В октябрьском номере "Люцифера" за 1889 год, в статье "Женщины Цейлона" мы могли прочитать мнение Дональдсона, ректора университета св. Андрея, о той деградации, которую претерпели женщины благодаря христианской церкви. Вот что он откровенно говорит в "Contemporary Review":

Преобладает такое мнение, что женщины достигли своего нынешнего высокого положения благодаря христианской церкви. Я обычно верил этому мнению. Но я не могу увидеть, каким образом христианство оказало в первые три столетия какое-либо благоприятное влияние на положение женщин, но напротив, я вижу, что имело склонность принижать их качества и ограничивать пределы их деятельности.

Сколь же справедливо тогда замечание Хелен Х. Гарденер о том, что в Новом Завете "слова "сестра", "мать", "дочь" и "жена" являются всего лишь именами позора и бесчестья"! ----------

То, что все вышеизложенное является фактом, можно увидеть из различных сочинений, и даже из некоторых еженедельных изданий. В разделе "Смесь" журнала "Агностик", в его последней рубрике "Наобум" приводятся красноречивые доказательства того же самого, предлагая десятки цитат. Вот некоторые из них:

Миссис Мэри A. Ливермор говорит: "Ранние отцы церкви осуждали женщин как вредных животных, обязательно злобных и представляющих опасность для дома".
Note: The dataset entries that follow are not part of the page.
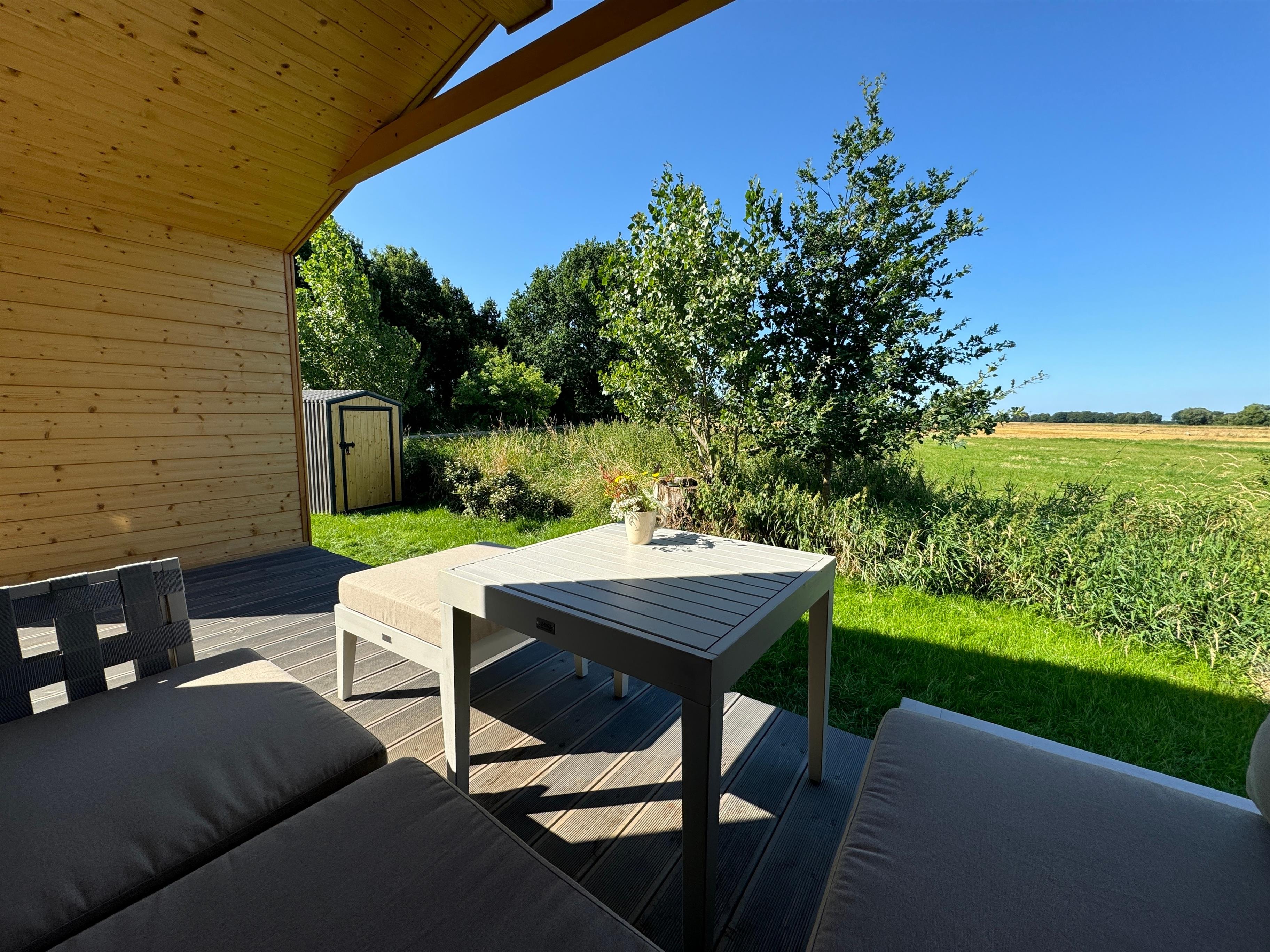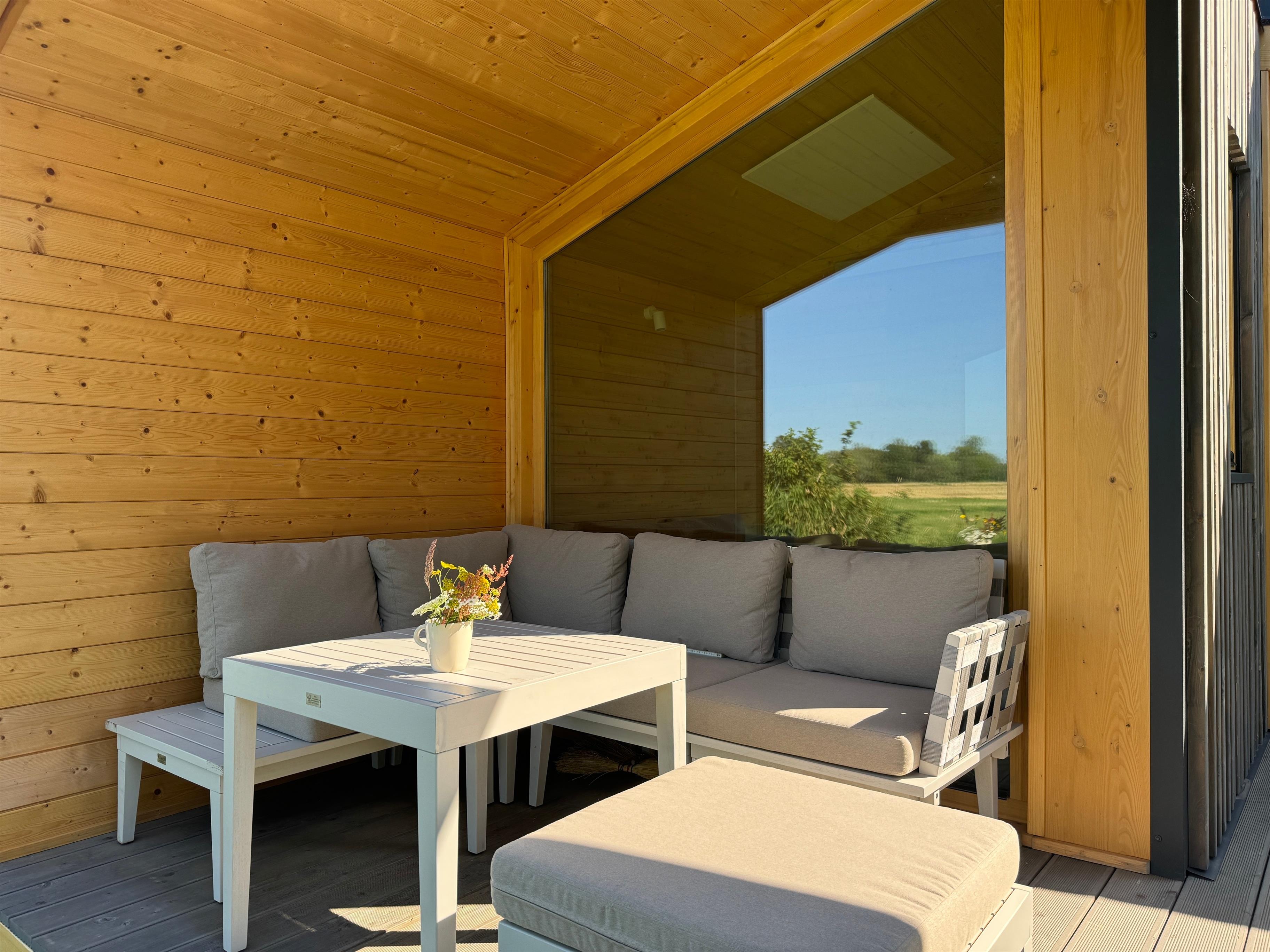 Als erstes Haus am Platz genießt ihr maximale Privatsphäre mit nur einem Nachbarhaus und ungestörtem Weitblick. Euch stehen zwei private Außenbereiche zur Verfügung: Eine großzügige, überdachte Terrasse mit Lounge-Möbeln und Esstisch sowie ein privater Gartenbereich mit einer zweiten möblierten Terrasse unter einer jungen Eiche – ideal für das Frühstück oder Abendessen unter freiem
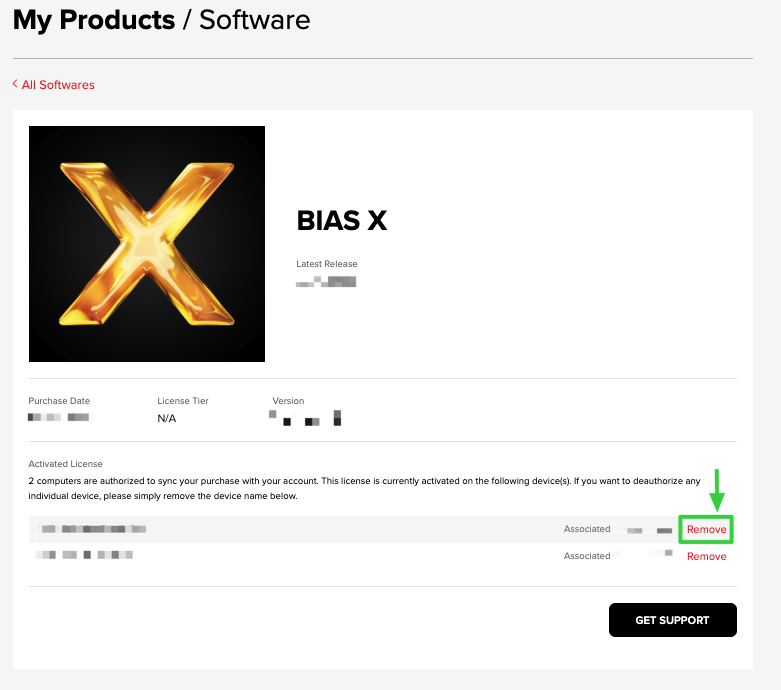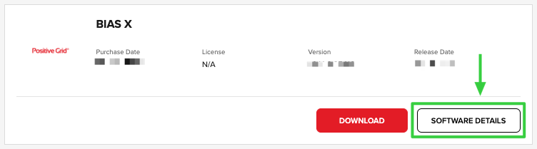 2. Find BIAS X and click the SOFTWARE DETAILS button.
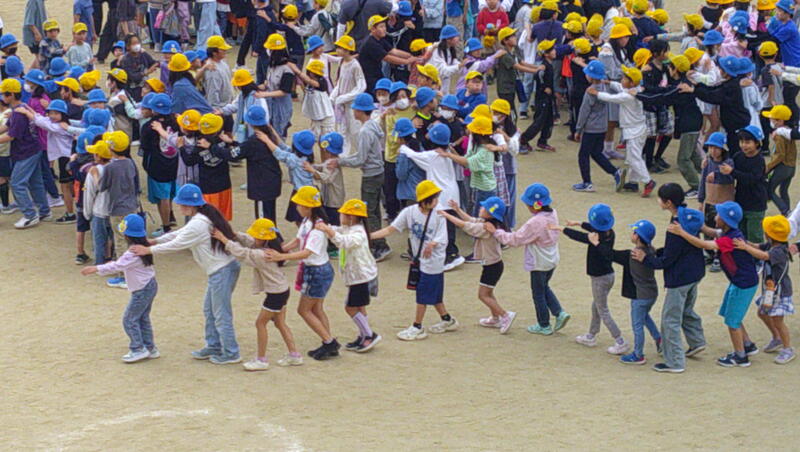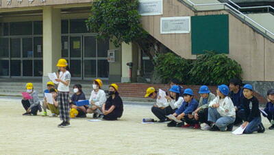 子どもたちの様子を見ていましたが、とてもよくできていました。2年生以上はこれまでの積み重ねですし、1年生もピカピカの防災頭巾で、初めての避難訓練を上手に行えました。
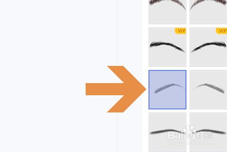 点击此中一条目眉形,然后就会在原祖先物照片上方显示出该眉毛的饰件,如图二所示
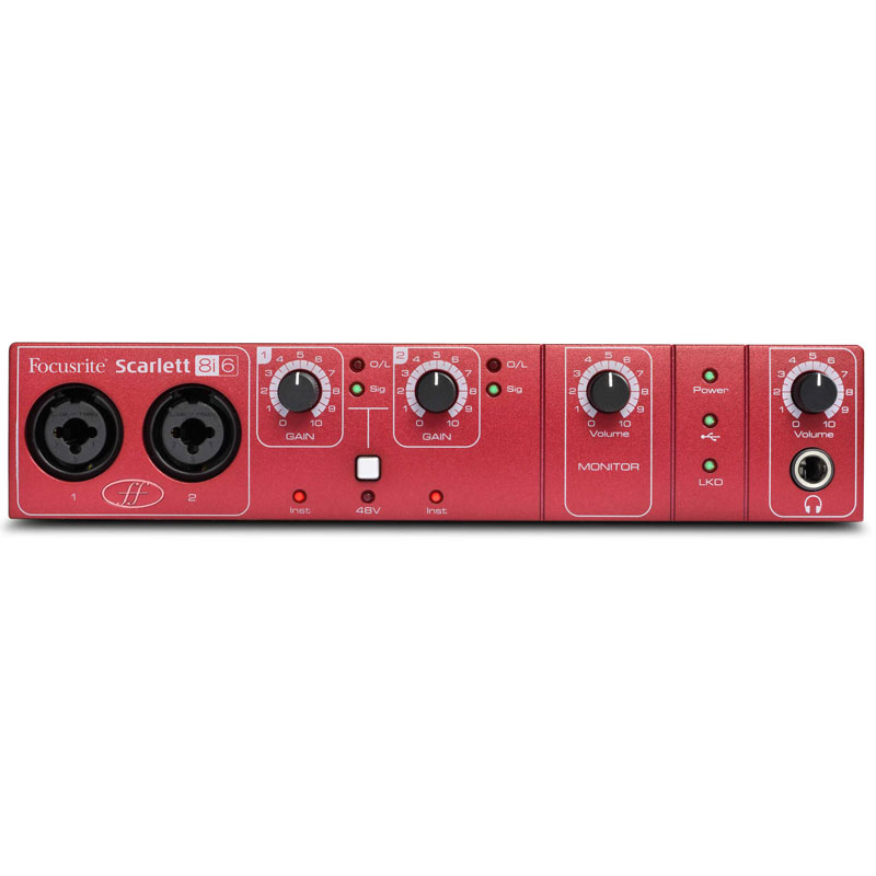 USB 2.0 Audio Interface, 6-in/6-out, with 2 Microphone/Instrument Preamplifiers, 24-bit/96kHz, and Focusrite Scarlett Plug-in Suite
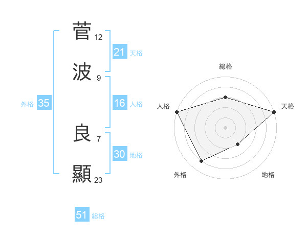 菅波 良顯さんの総格は51画の3点!
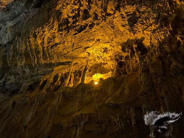 Tras esta aventura, cogimos el coche y nos dirigimos a la Cuevona de Cuevas del Agua, una corta cueva por la que discurre una carretera, que es el único acceso a la aldea de Cuevas del Agua. Dicho de otro modo, es una cueva que se puede cruzar perfectamente en coche. Sin embargo, yo os recomendaría que aparquéis el coche y disfrutéis de la cueva a pie, que es como lo hicimos nosotros. Son unos 300 m de recorrido perfectamente iluminados, destacando las fascinantes formaciones calcáreas de esta cueva.
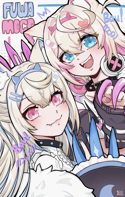Angy neko bird and neko shark 🐔🔱💢 . Kinda imagine this scene when I hear they say "Baka" in their song XD #ArtsOfAshes #TAKAMORI #callillust #ameliaRT #gawrt #amesame
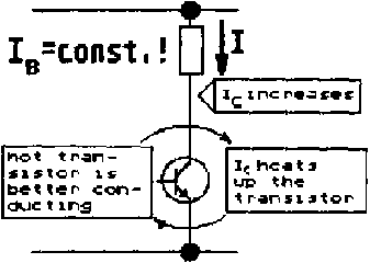 In case of our transistor in an amplifier-stage, the relatively high collector-current causes a rise in temperature. This increase of temperature causes a bigger conductivity in the transistor. Bigger conductivity lets rise the collector-current (even though the base-current is still the same). Even if this process is a slow one, the increase of collector-current, causes a decrease of output-voltage at quiescence, and therefore a drifting quiescence-voltage.
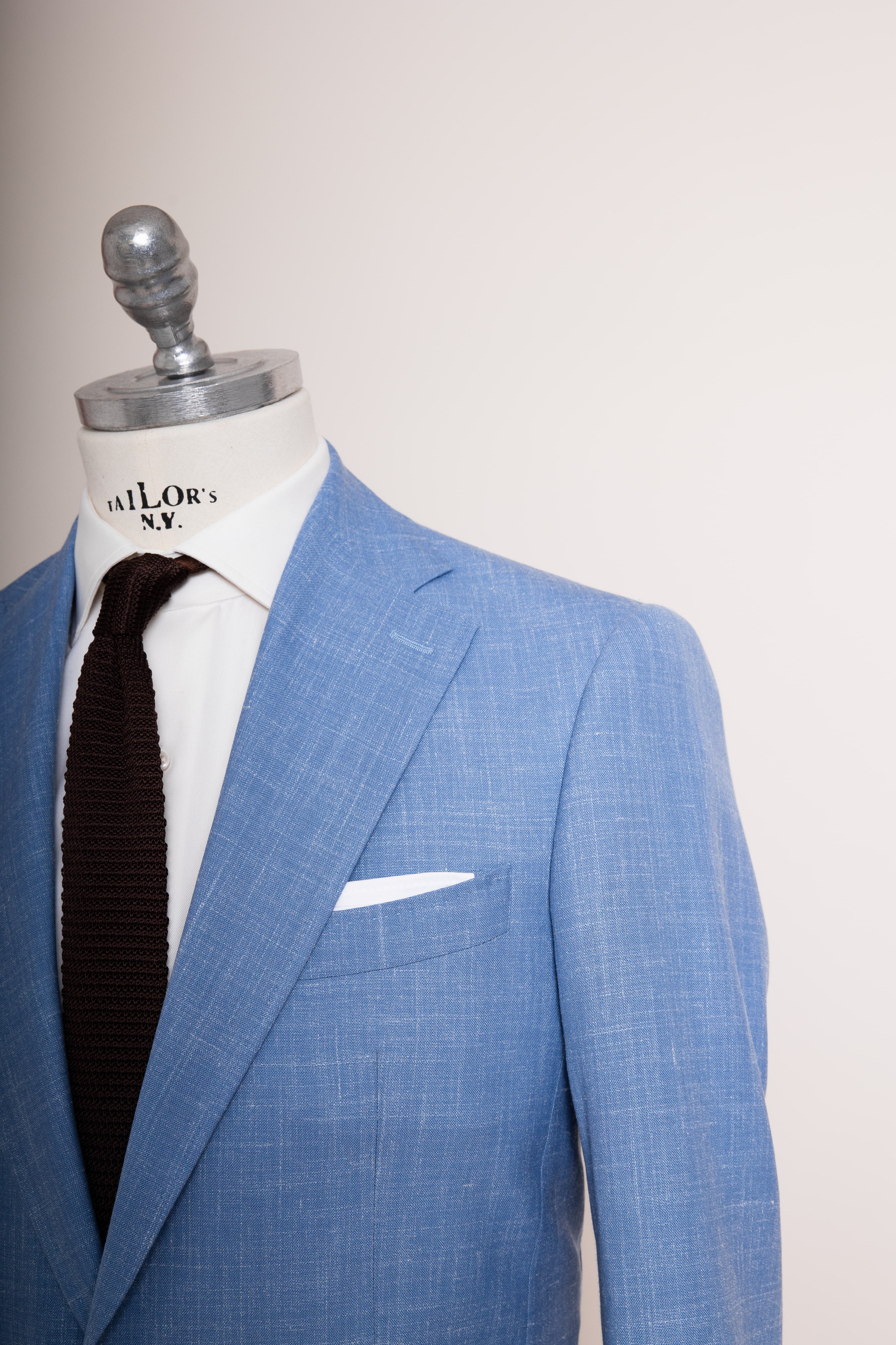 Frischer Wind für starke Auftritte: Azure Affair ist der Inbegriff von moderner Sommer-Eleganz. Das himmelblaue Tuch aus luftigem Stoff bringt Leichtigkeit in jede Garderobe, ohne dabei an Klasse zu verlieren. Der schlanke Schnitt, gepaart mit feinen Details wie dem Ticket-Pocket und der sanften Textur, macht diesen Anzug zum perfekten Begleiter für sonnige Geschäftstermine, Rooftop-Partys oder mediterrane Hochzeiten. Akzentuiert mit dunkler Krawatte und weißem Einstecktuch zeigt Azure Affair, dass Stil keine Saison kennt. Cool. Charismatisch. Californian Vibes, ganz ohne Strandklischee.

Леки говорит: "Неистовые ругательства, направленные против слабого пола, составляют значительную и весьма гротескную часть сочинений святых отцов".

Миссис Стэнтон полагает, что святые книги и священнослужители учат тому, что "женщина является создателем греха, который [в тайном сговоре с дьяволом] вызвал падение человека".

Гембл утверждает, что в четвертом веке священнослужители весьма серьезно обсуждали этот вопрос: "Следует ли называть женщину человеческим существом?"

Но пускай христианские отцы говорят сами за себя. Тертуллиан обращается к женщинам в следующей, весьма лестной, манере: "Вы врата дьявола, вы открыватели запретного древа, первые нарушители божественного закона. Вы совратили того, на кого не осмеливался напасть сам дьявол. Вы разрушили образ Божий -- человека".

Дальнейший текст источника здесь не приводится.